**Exercise brief**
With pictures omitted, transcribe exactly the lines from the one containing "Apres avoir apporté" to the end of the records below.

Source records:

== Segment start ==

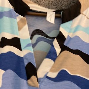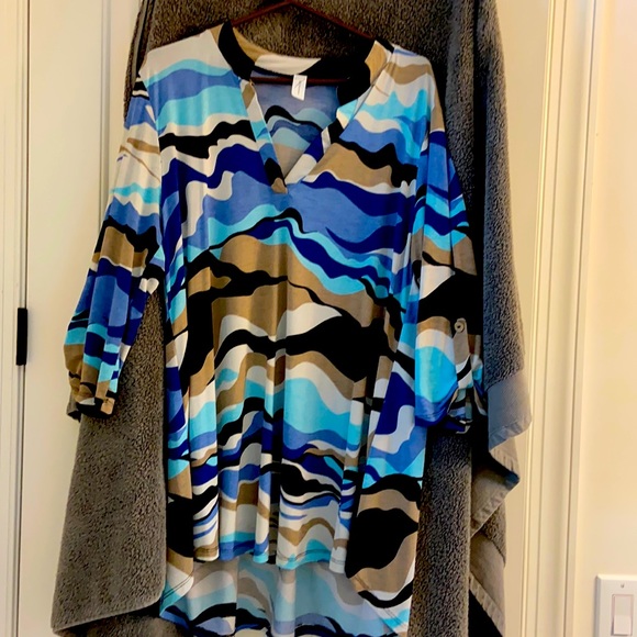 Tunic top. Beautiful blues cream tan black. Longer in back for full coverage.
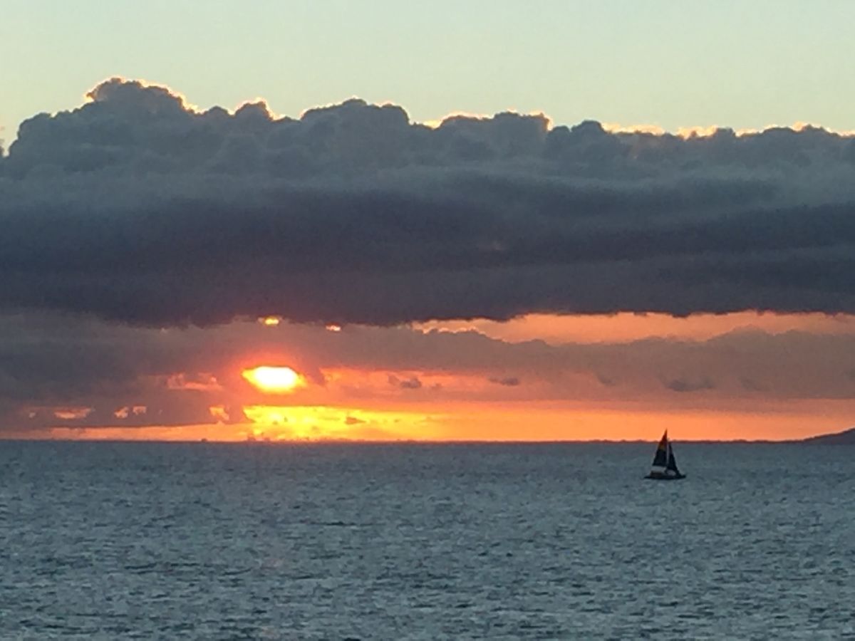 まさに順風満帆でワイキキ沖をカタマランで風に乗って進みました。肥大半身TATOOの女性クルーが作ってくれたマイタイを飲みながらサンセットを待ちました。太陽が水平線に沈んみきった時には、一斉に拍手が沸き上がりました。
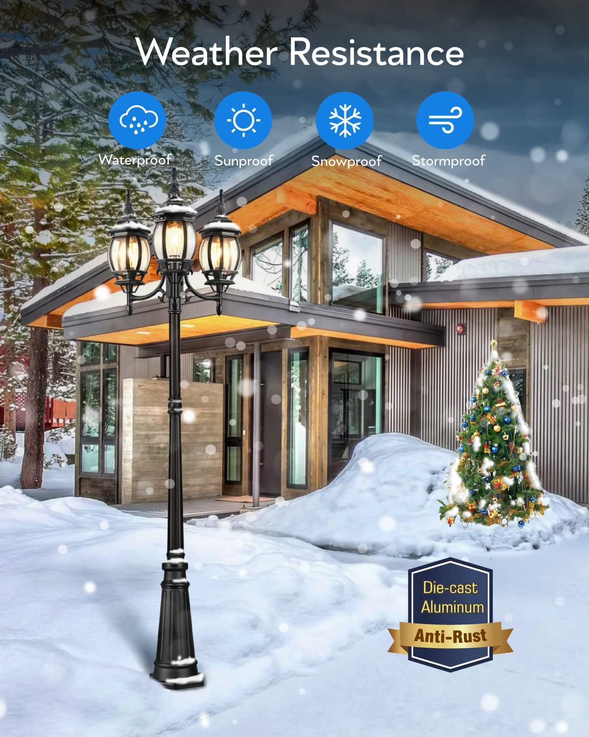 VIANIS 3-Head Waterproof Outdoor Lamp Post
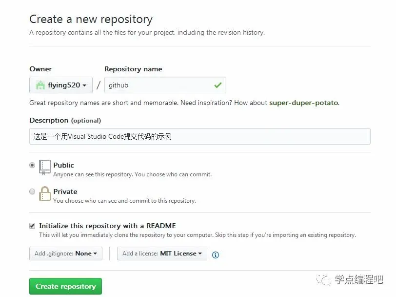5.这时候会消失代码管理中会消失,其实是暂时缓存提交了 整个过程非常的简单。事实上提交到本地代码库没有意义,我们主要目的是为了提交到Github上。所以,我们在Github上新建一个代码仓库。如下图:
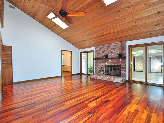 A hidden gem! Discover your own private oasis in this contemporary home that defines privacy and a connection to nature. Step into the breathtaking great room with its soaring vaulted ceilings, hardwood flooring, a gas log fireplace, a wet bar, two skylights that flood the space with natural light and two sliders leading to the sun room. The heart of the home is the updated kitchen boasting oak cabinetry, granite countertops, stainless-steel appliances, hardwood flooring, a tile backsplash, a breakfast bar, a dine-in area, recessed lighting and a pantry. The adjacent dining room, with a wood burning fireplace, hardwood flooring and chair rail molding, is perfect for intimate dinners or festive gatherings. The bright sanctuary of the sun room features a cathedral ceiling, tile flooring, panoramic outdoor views and a slider to the deck. On the main level you'll also find the Primary bedroom, a serene and private retreat, with hardwood flooring, a walk-in closet and a designated full bath with tile flooring. A spacious second bedroom with hardwood flooring and recessed lighting and a beautifully remodeled full bath complete the main level. Ascend to the upper level to a gorgeous loft with hardwood flooring, built-in cabinets and bookshelves and a cathedral ceiling. The expansive (17'x17'), finished lower level is ideal for a recreation room. Enjoy the peaceful tranquility of nature at its best as you relax and unwind on your private deck. Come on...Let's take a look inside!
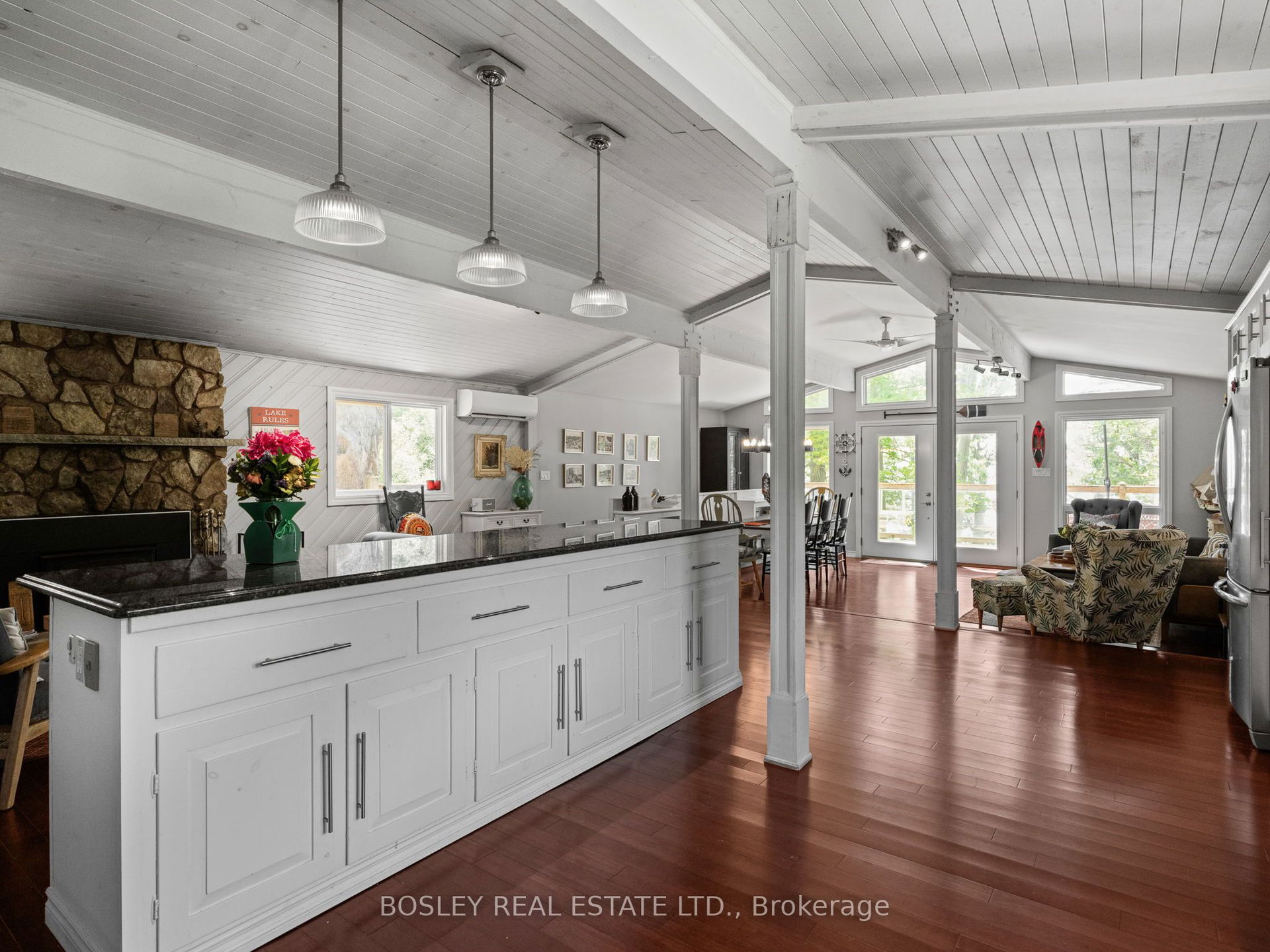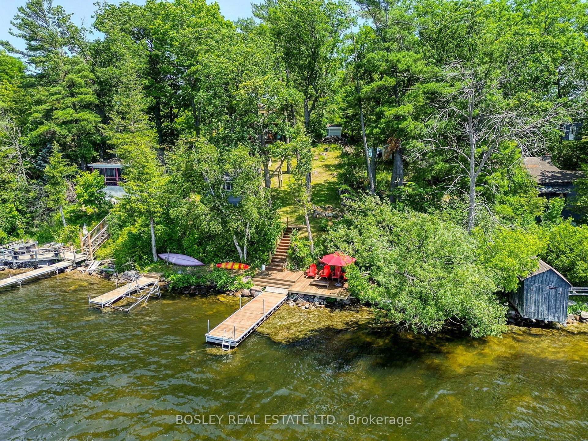 Welcome to your dream retreat on the shores of beautiful Rice Lake – just 1.5 hours from downtown Toronto. Perfectly nestled in a peaceful, forested setting, this beautifully renovated, four-season lakeside home offers the ultimate in comfort, style, and serenity. Wake up each day to the sights and sounds of nature, with stunning lake views, picturesque islands, and breathtaking sunsets just steps from your door. This exceptional property features crystal-clear waters, towering trees, and a secluded atmosphere, making it the ideal getaway or year-round residence. Inside, the home boasts a spacious open-concept layout, featuring three comfortable bedrooms and a full bathroom on the main level. The oversized kitchen is a chefs dream, complete with granite countertops and seamless access to an inviting dining area – perfect for family meals or entertaining guests. You’ll also appreciate the convenience of main-floor laundry. The fully finished lower level offers even more living space, with a generous sitting area, an additional full bathroom, and direct walkout access to an expansive 1,600+ sq ft wrap-around deck. Whether your’e enjoying your morning coffee in solitude or hosting a lively summer gathering, this space was designed for connection and relaxation. A charming, recently renovated bunkie provides additional accommodations and includes its own elevated viewing deck – the perfect spot to soak in uninterrupted waterfront vistas. Two brand-new docks, newly installed stairs, and a lakeside deck make accessing the water a breeze, offering endless opportunities for swimming, boating, and fishing just moments from your doorstep. Whether your’e searching for a serene family escape or a full-time waterfront residence, this rare Rice Lake gem offers the perfect blend of luxury, comfort, and natural beauty.
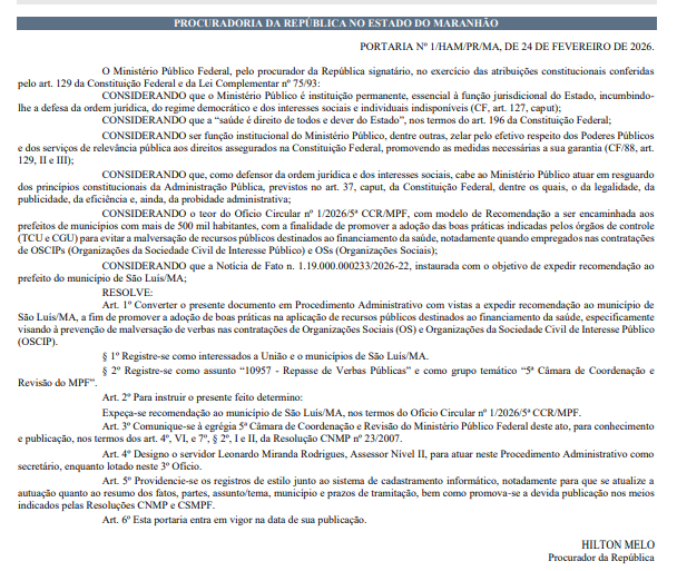 A medida foi oficializada por meio da Portaria nº 1/2026, assinada pelo procurador da República Hilton Melo, no dia 24 de fevereiro de 2026.
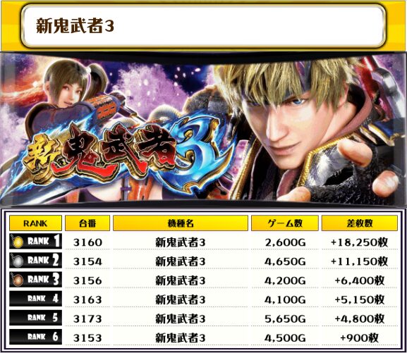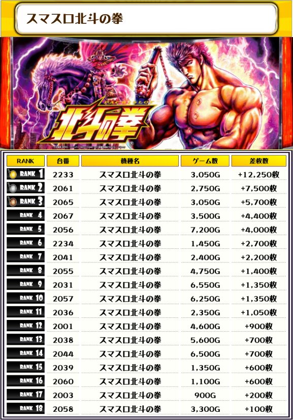 2位には【スマスロ北斗の拳・2233番台】の+12,250枚、そして3位には【新鬼武者3・3154番台】の+11,150枚がランクインっ🏆🏆🏆🏆
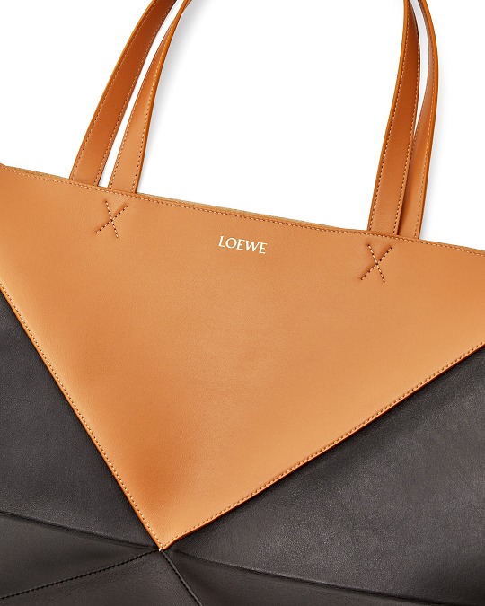 大号 Puzzle Fold Tote 采用暖沙色和黑色亮面小牛皮拼接而成,拼色设计与包身线条巧妙融合,凸显 Puzzle 系列标志性的几何剪裁。独特的拼缝手法让包包能够沿着缝线灵巧折叠成平整的小方块,集实用性与趣味性于一体。
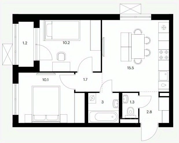 Балкон из спальни - 4,2 кв.м, застеклён, длинный коридор - 9,1 кв.м, коридор между спальней и детской - 3,2 кв.м, ванная комната - 3,7 кв.м, туалет - 1,4 кв.м.
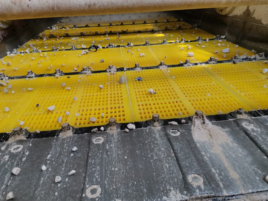 ? ? 7月份宜春鉭鈮礦又在其YKR1645篩機上使用了南昌鑫力的防堵篩網(wǎng),使用效果良好。此外,宜春鉭鈮礦還將試用南昌鑫力生產(chǎn)的1x15mm聚氨酯防堵篩網(wǎng)。
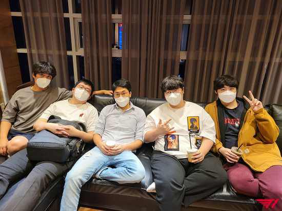 공개된 사진에는 T1 신사옥 소파에서 나란히 앉아 있는 블랭크, 푸만두, 뱅기, 울프, 뱅의 모습이 담겼다. 코로나19 여파로 마스크를 착용한 채 카메라를 응시하고 있다.
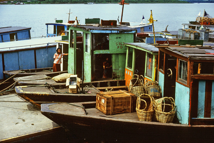 📍 图2 & 3: 繁忙的拉让江畔,穿梭的船只载着生活的希望。
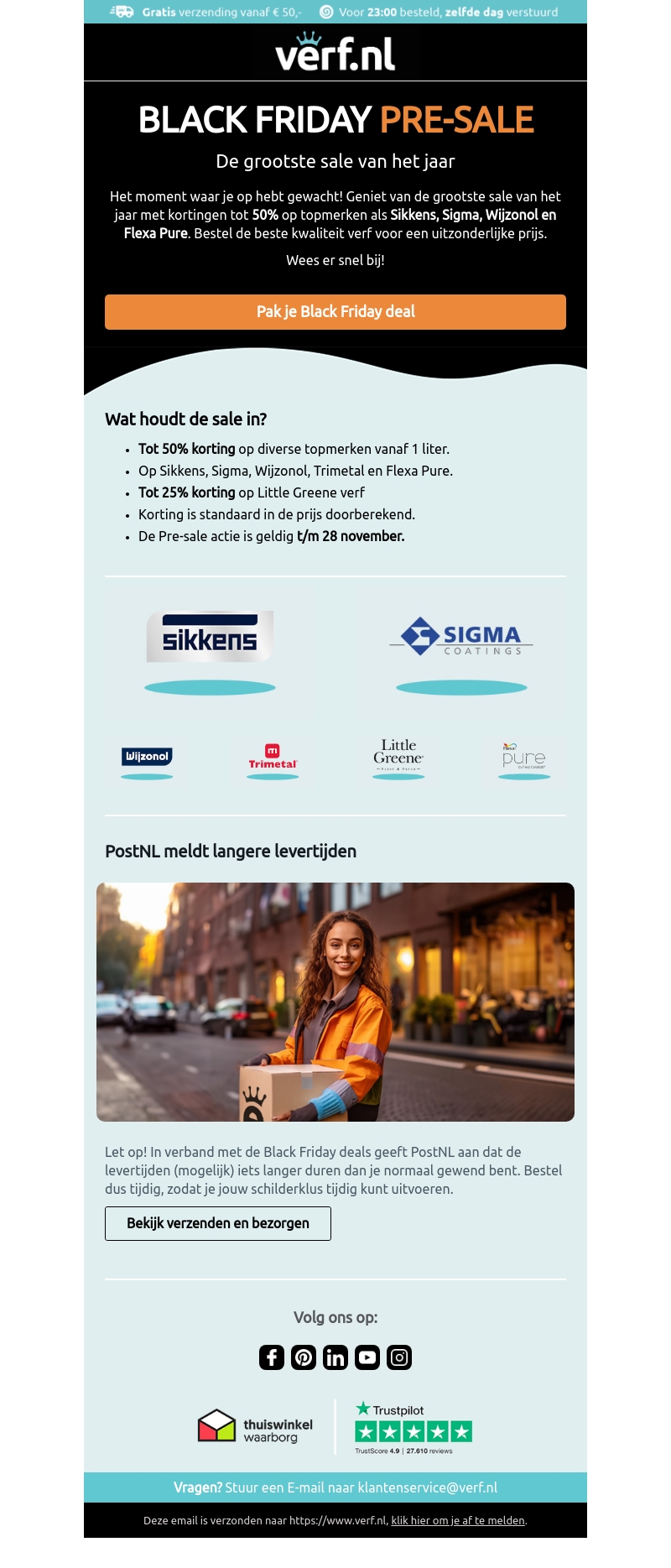 Het is zover! De grootste sale van het jaar begint bij Verf.nl. Geniet van kortingen tot 50% op topmerken zoals Sikkens, Sigma, Wijzonol en Flexa Pure. Deze pre-sale loopt tot en met 28 november. Mis deze kans niet om de beste kwaliteit verf voor een uitzonderlijke prijs te bemachtigen.
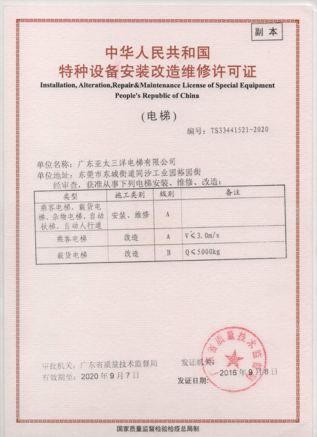 廣東亞太三洋電梯有限公司是從事電梯產(chǎn)品設(shè)計(jì)、制造、安裝及售后服務(wù)的專業(yè)公司,其前身是廣東地區(qū)較早成立的電梯企業(yè)之一,成立于1993年,是一家擁有世界先進(jìn)技術(shù)的電梯企業(yè)。先后獲得了國(guó)家質(zhì)量監(jiān)督檢驗(yàn)總局及國(guó)家有關(guān)部門(mén)頒發(fā)的(AAA)生產(chǎn)許可證和安裝資質(zhì),并通過(guò)了行業(yè)質(zhì)量體系認(rèn)證,產(chǎn)品行銷(xiāo)世界30多個(gè)國(guó)家和地區(qū)。“好品質(zhì),用心打造”,亞太三洋電梯堅(jiān)持一絲不茍地控制所有生產(chǎn)工藝,秉承質(zhì)量的精益求精和工藝的日臻完善...
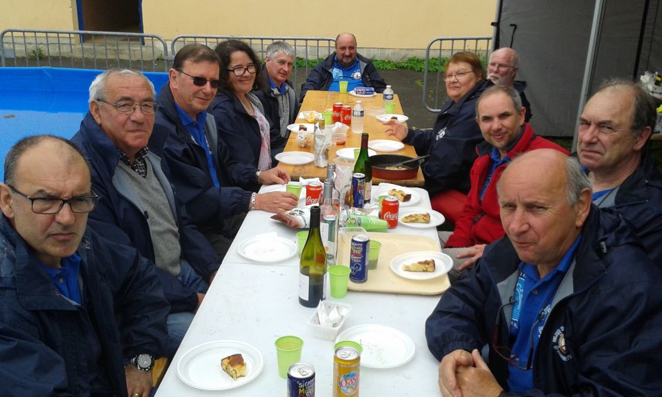 Apres avoir apporté tout le matériel sur les lieux le samedi matin, aussi bien ferroviaire que naval, on commence par prendre des forces !
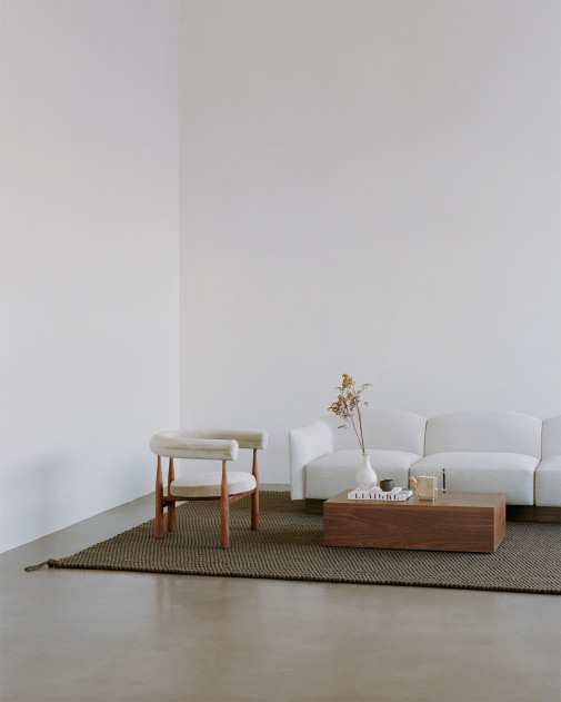 Zaprojektowany przez Lottę Agaton, opiera się na prostym, ale charakterystycznym geście – grube, plecione liny tworzą powierzchnię o wyraźnej, niemal rzeźbiarskiej fakturze. Całość dopełnia subtelny detal w postaci węzła umieszczonego w rogu, który nadaje projektowi swobodny, nieformalny charakter.

== Segment end ==

**Task solution**
 Apres avoir apporté tout le matériel sur les lieux le samedi matin, aussi bien ferroviaire que naval, on commence par prendre des forces !
 Zaprojektowany przez Lottę Agaton, opiera się na prostym, ale charakterystycznym geście – grube, plecione liny tworzą powierzchnię o wyraźnej, niemal rzeźbiarskiej fakturze. Całość dopełnia subtelny detal w postaci węzła umieszczonego w rogu, który nadaje projektowi swobodny, nieformalny charakter.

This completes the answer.